▸ STUDY MATERIAL:

────────────────────────────────────────

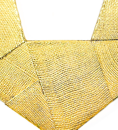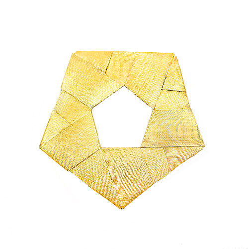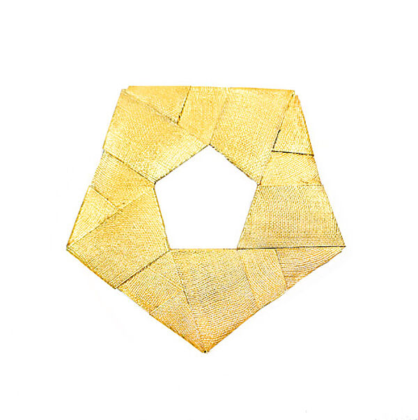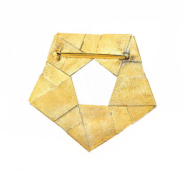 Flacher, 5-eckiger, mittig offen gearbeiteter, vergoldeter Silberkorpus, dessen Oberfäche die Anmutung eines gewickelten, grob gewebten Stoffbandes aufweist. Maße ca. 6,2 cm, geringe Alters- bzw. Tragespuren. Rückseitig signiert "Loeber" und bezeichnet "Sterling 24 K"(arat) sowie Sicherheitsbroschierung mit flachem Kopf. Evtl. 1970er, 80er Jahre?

────────────────────────────────────────

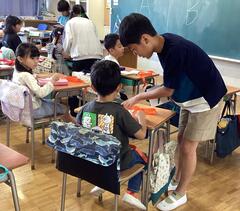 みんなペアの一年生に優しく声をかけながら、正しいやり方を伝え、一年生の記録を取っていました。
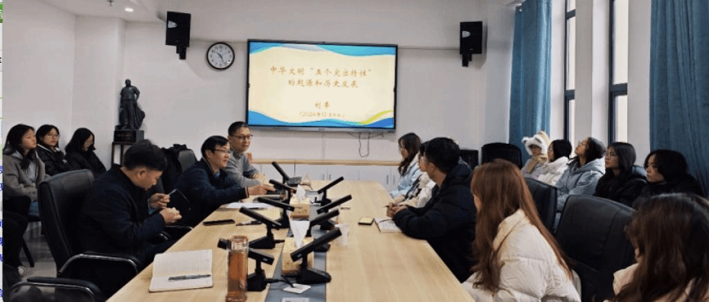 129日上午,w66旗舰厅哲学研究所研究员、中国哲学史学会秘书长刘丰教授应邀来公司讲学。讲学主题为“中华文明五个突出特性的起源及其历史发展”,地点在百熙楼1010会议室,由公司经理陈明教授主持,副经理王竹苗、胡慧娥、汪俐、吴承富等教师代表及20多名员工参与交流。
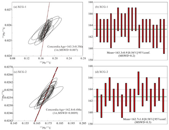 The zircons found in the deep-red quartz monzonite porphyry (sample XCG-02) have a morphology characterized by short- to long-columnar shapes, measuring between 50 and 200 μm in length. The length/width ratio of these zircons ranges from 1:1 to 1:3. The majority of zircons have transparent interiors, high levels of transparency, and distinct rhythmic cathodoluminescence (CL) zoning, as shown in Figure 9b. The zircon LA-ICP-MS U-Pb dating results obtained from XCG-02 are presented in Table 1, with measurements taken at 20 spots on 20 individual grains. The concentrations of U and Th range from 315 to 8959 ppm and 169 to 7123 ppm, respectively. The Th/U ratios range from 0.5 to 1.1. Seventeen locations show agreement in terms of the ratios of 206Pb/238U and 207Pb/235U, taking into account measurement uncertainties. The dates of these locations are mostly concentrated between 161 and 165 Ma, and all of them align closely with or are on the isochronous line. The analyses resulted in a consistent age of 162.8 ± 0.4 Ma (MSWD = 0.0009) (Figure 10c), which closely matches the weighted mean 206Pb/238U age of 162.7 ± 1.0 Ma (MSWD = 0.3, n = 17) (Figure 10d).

────────────────────────────────────────

▸ WHAT YOU NEED TO DO: I would like the exact lines from the data above, starting with the one that holds "みんなペアの一年生に優しく声" and going on through the one that holds "129日上午,w66旗舰厅哲", without the pictures.

▸ ANSWER TO THIS PROBLEM:
 みんなペアの一年生に優しく声をかけながら、正しいやり方を伝え、一年生の記録を取っていました。
 129日上午,w66旗舰厅哲学研究所研究员、中国哲学史学会秘书长刘丰教授应邀来公司讲学。讲学主题为“中华文明五个突出特性的起源及其历史发展”,地点在百熙楼1010会议室,由公司经理陈明教授主持,副经理王竹苗、胡慧娥、汪俐、吴承富等教师代表及20多名员工参与交流。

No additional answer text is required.